LinkedIn launched InCareer at the end of 2021 as a paired-back job-hunting app, without a social feed so it would be easier to comply with China’s censorship rules. The company shut down its main social network in the country earlier that year, citing “greater compliance requirements”.
LinkedIn launched in China in 2014, making it relatively long-lived in the country for a foreign platform. To operate in the country, it censored content deemed sensitive by Beijing.
Censorship on the platform has sometimes extended beyond written posts. In 2021, LinkedIn blocked Chinese users from viewing the accounts of multiple US journalists who had written stories about sensitive topics. It also censored accounts of academics and human rights activists.
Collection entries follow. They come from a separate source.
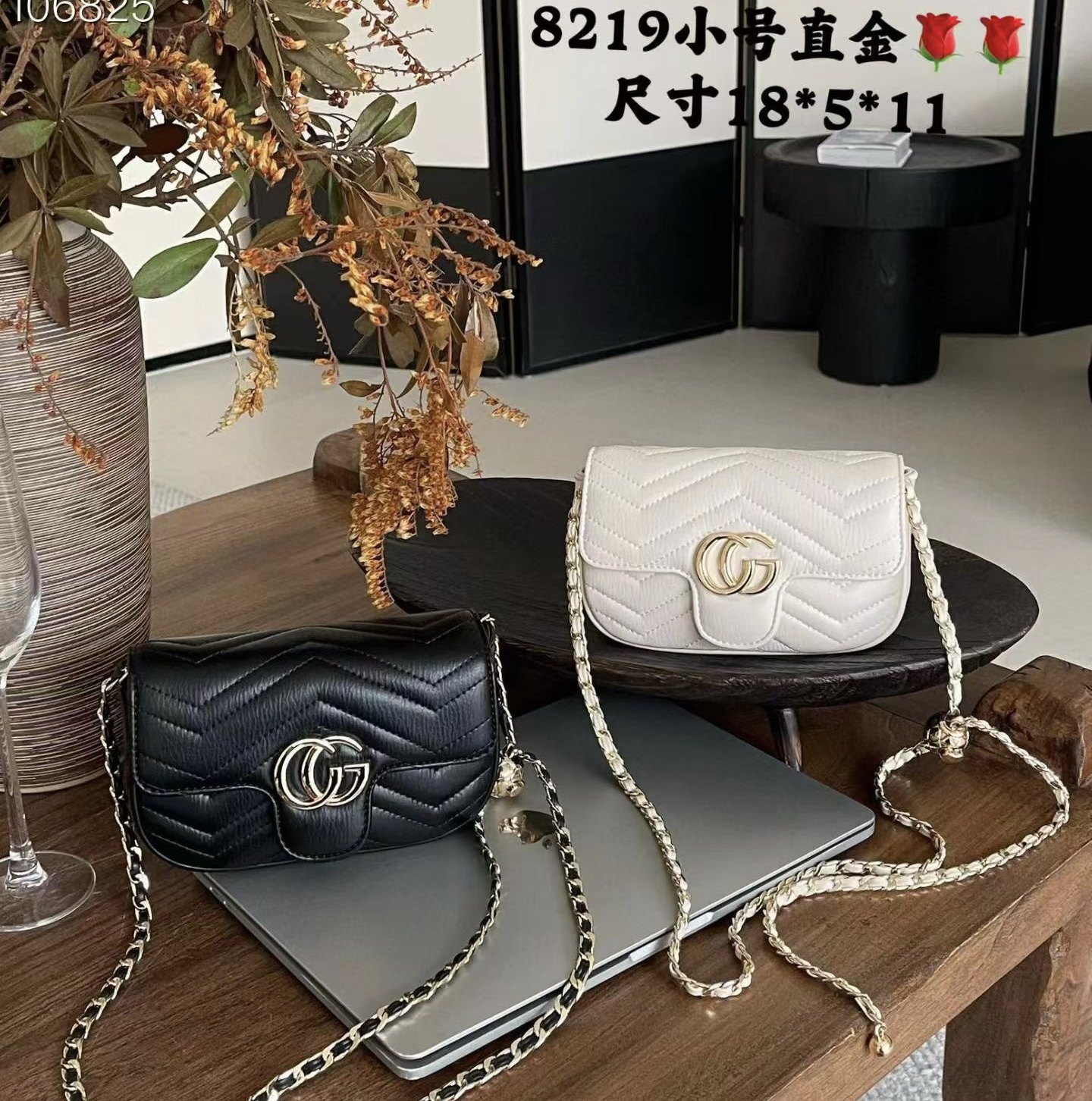 新款时尚潮流百搭高级感单肩斜挎包真皮8219小香风菱格链条小包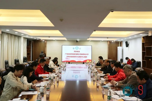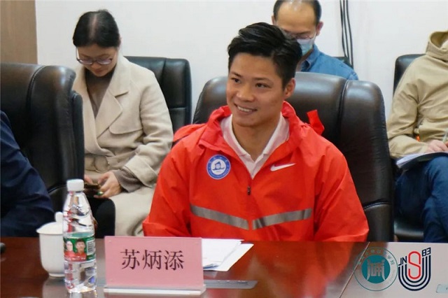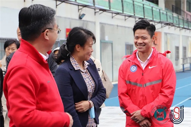 2月25日下午,广东省体育局局长崔剑一行到暨南大学苏炳添速度研究与训练中心调研指导。暨南大学党委书记林如鹏,广东省体育局局长崔剑,广东省体育局副局长林瑛,广东省二沙体育训练中心党委书记刘小青,暨南大学体育学院苏炳添教授等参加本次座谈会。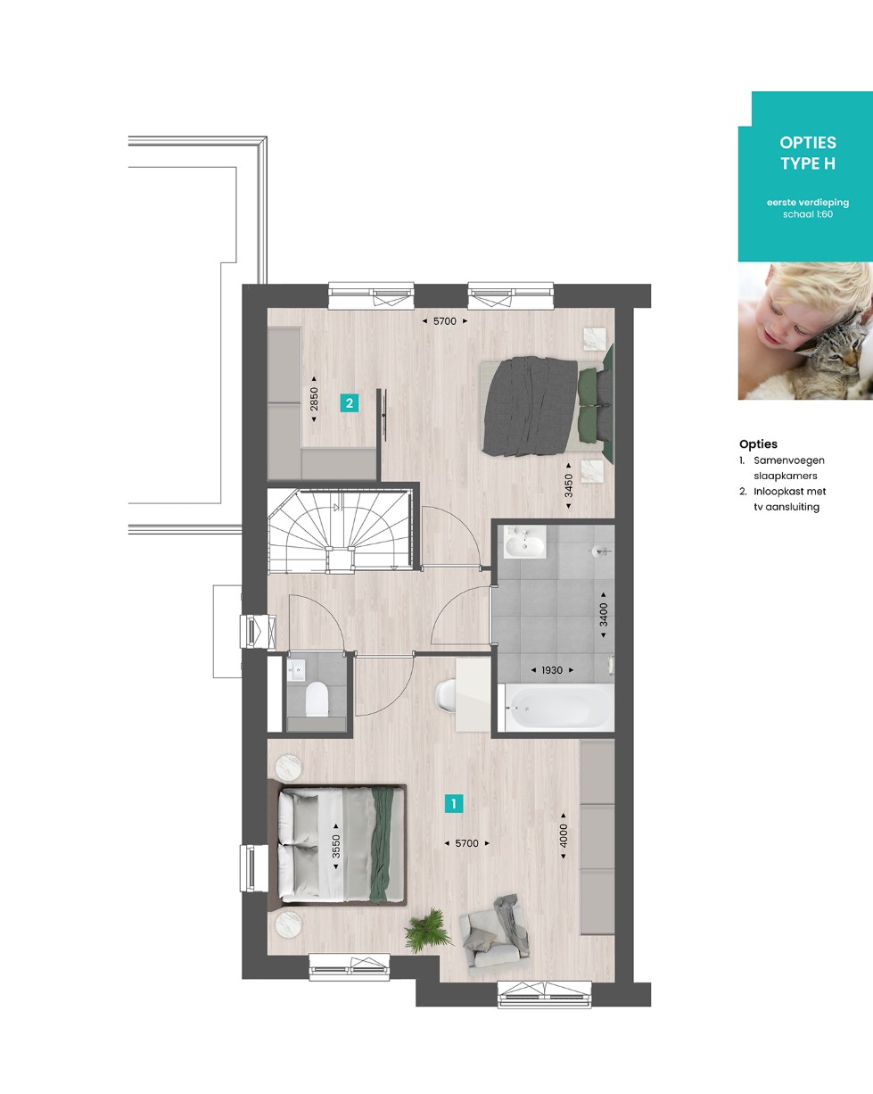 Ook de verdiepingen zijn naar wens in te delen. Op de eerste verdieping kun je de badkamer vergroten voor meer comfort, of twee slaapkamers samenvoegen tot één royale hoofdslaapkamer met bijv. een inloopkast. Op de tweede verdieping richt je met diverse indelingsopties een volwaardige woonlaag in, met bijvoorbeeld twee extra slaapkamers, een tweede badkamer en een praktische was-/bergruimte.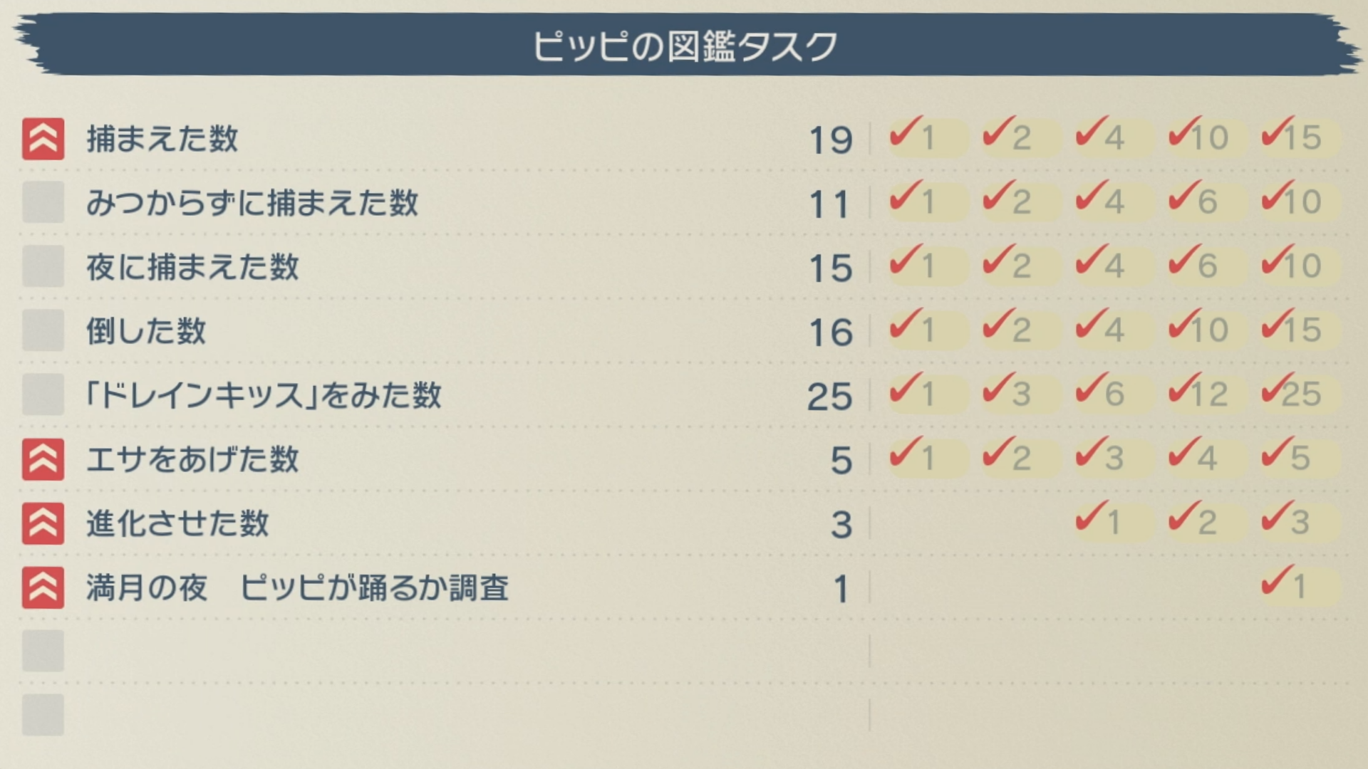 図鑑タスクは進化前のピィをかなり簡単にしたもので、サブ任務も絡んできて、満月を狙うのがやや面倒なくらいですが、出現数も一族の中では一番多く、楽な方です。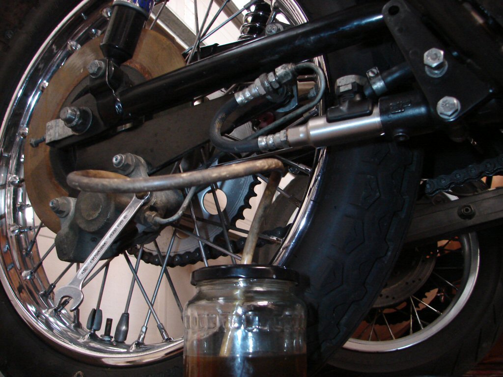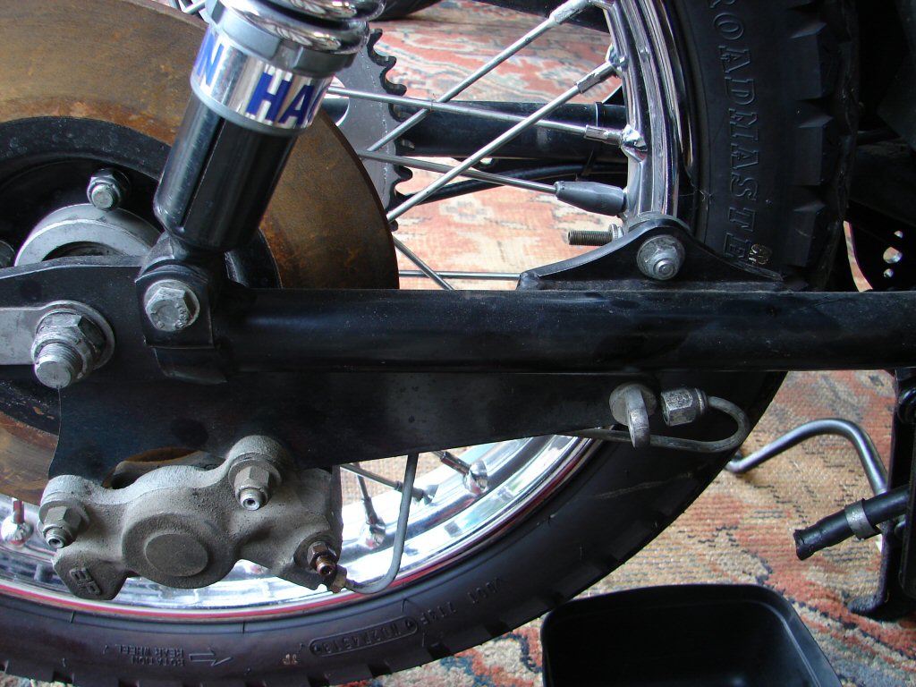'Anything else' showed up when I removed the flexible hose in order to remove the brake cylinder, to find that the swivelling functions of both the hose retainer and its mate which holds the brake anchor plate are seized solid, which means the rear wheel is sorta locked in place and explains why I met a bit of resistance when adjusting the rear chain.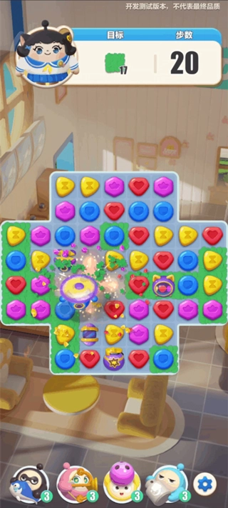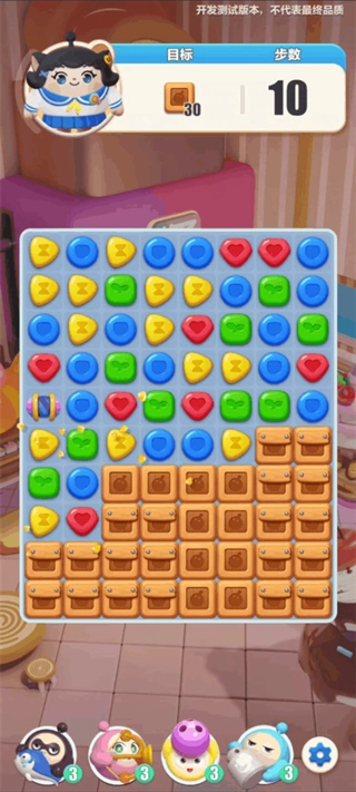 游戏采用经典三消玩法,玩家需消除相同的方块;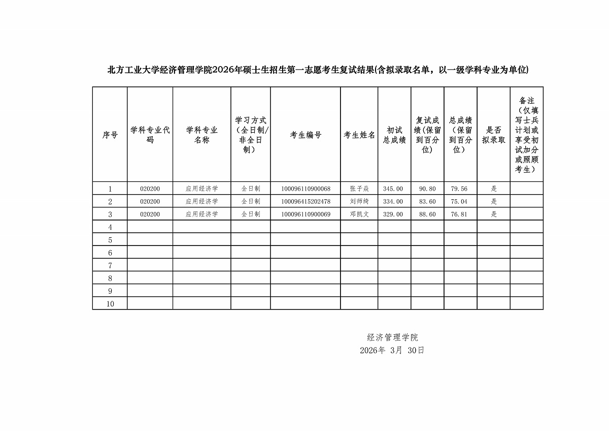 w66利来旗舰厅2026年硕士生招生第一志愿考生复试结果——应用经济学
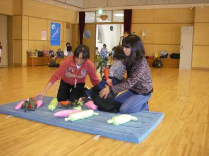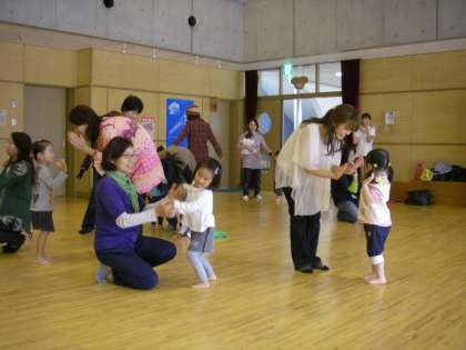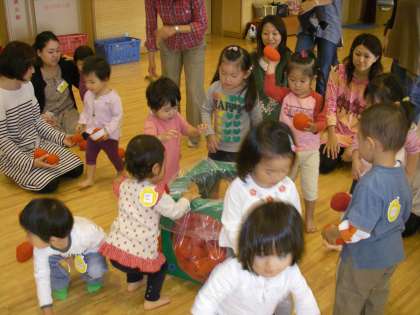 0歳児さん,1歳児さん,2歳児さんに分かれていただき,フープの車でお出かけをしたり,ちいさな山を登ったり,お弁当になったり,おんぶ競走をしたり,玉入れをいしたり・・・。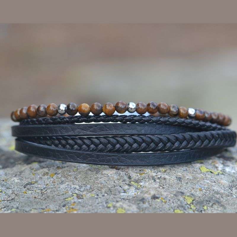 Les amateurs de style bohème ou vintage apprécieront les bracelets en bois en cuir brut ou en pierres naturelles aux tons chauds. L’association d’un bracelet en pierre de lave ou en jaspe rouge avec un bracelet en cuir souple est parfaite pour un effet authentique et naturel.
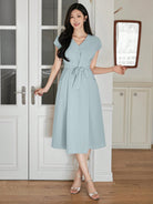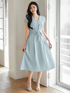 women DAZY Solid Color V-Neck Belted Mid-Length Dress For Office Wear Sundress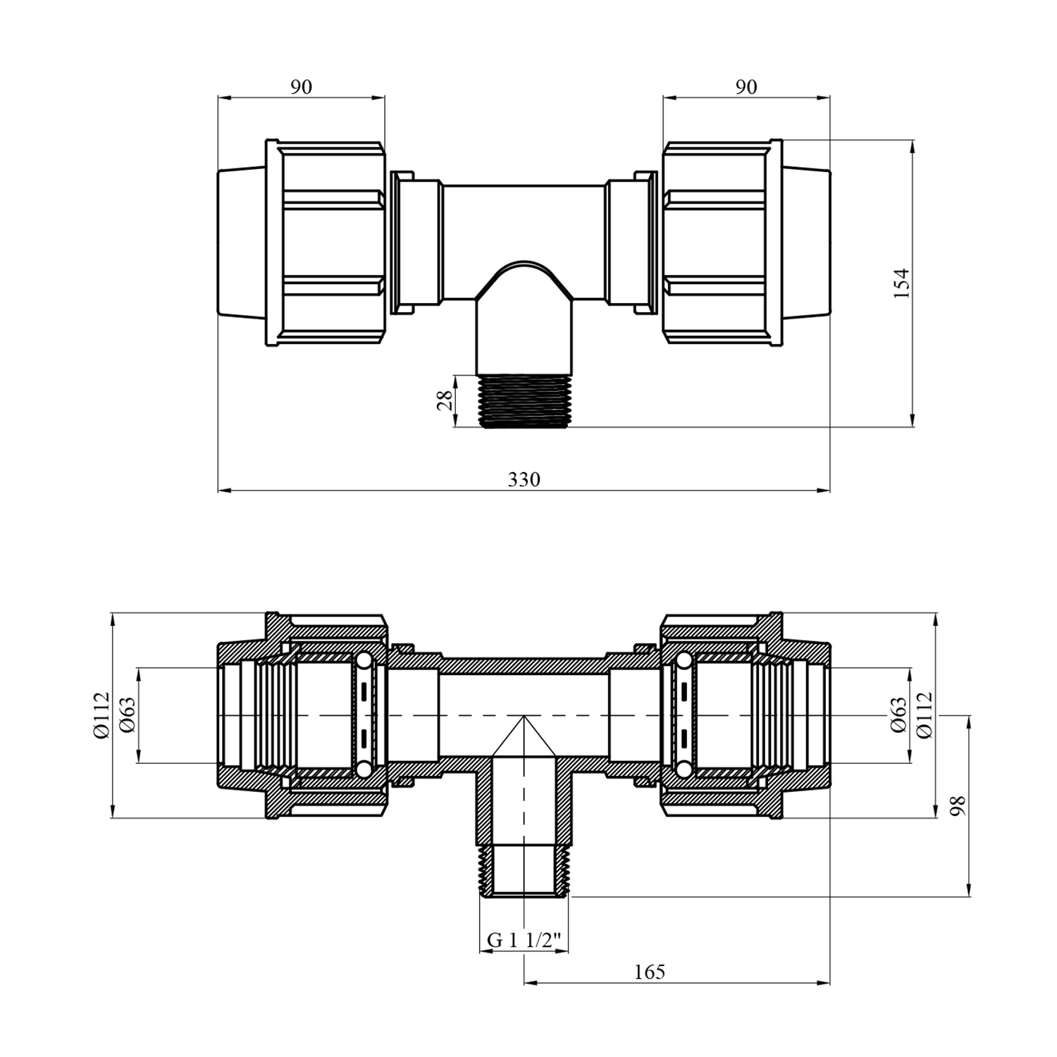 Характеристики Тройник ПЕ Rozma 63х1 1/2х63 РН код товару CV023466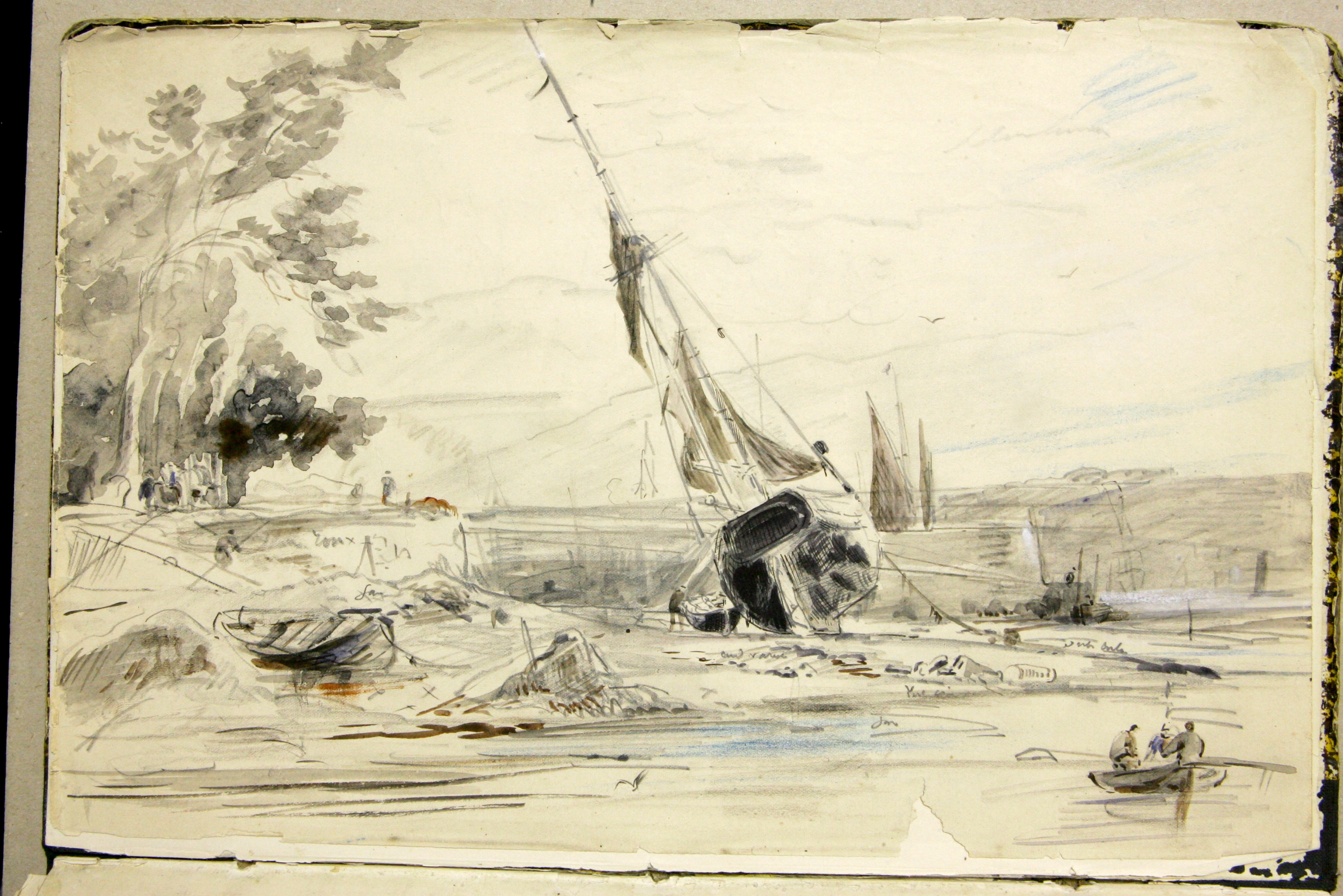 Grand sloop à l’échouage au port de Lézardrieux, dessin aquarellé, FaudacqImmatriculation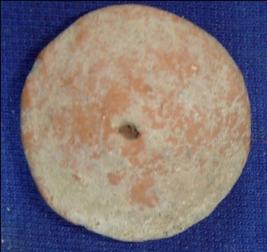| Description / विवरण | Terracotta bead, bi-convex in shape, perforated at the center, probably used in toy cart, hand made and crudely-finished. |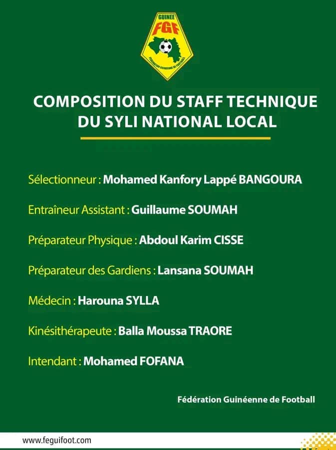 A travers une note publiée sur sa page Facebook dont Laguinee.info détient copie, le Comité de Normalisation de la Feguifoot a nommé Mohamed Kanfory Lappé Bangoura comme sélectionneur du Syli national local. Dans la même lancée, le CONOR a livré la composition du staff technique du Syli national local.

Since the launch of InCareer, the app has languished far behind rival domestic platforms. It had 959,600 monthly active users in March, according to market research firm Analysys. By comparison, 51job had 18.5 million users that month, Boss Zhipin had 17.3 million, while Liepin had 6.7 million.
LinkedIn launched InCareer in December 2021 after ending service for its main social network in the country earlier that year. Photo: iOS App Store
LinkedIn now joins its US peers in having no platform presence in China. The largest platforms including Google, Facebook and Twitter have all been blocked by the Great Firewall, with related services increasingly being blocked in recent years. Gmail was permanently blocked in 2014, while Instagram, owned by Facebook owner Meta Platforms, faced the same fate two years later. Meta’s WhatsApp was also blocked in 2017.
Since China tightened content and data regulations in 2021, some foreign companies have shut down before being blocked. In late 2021, US internet company Yahoo halted its remaining online services in the country, including the Weather app and tech blog Engadget, after its email, news and community services were terminated in 2013 and its research and development operations in Beijing were shut down in 2015.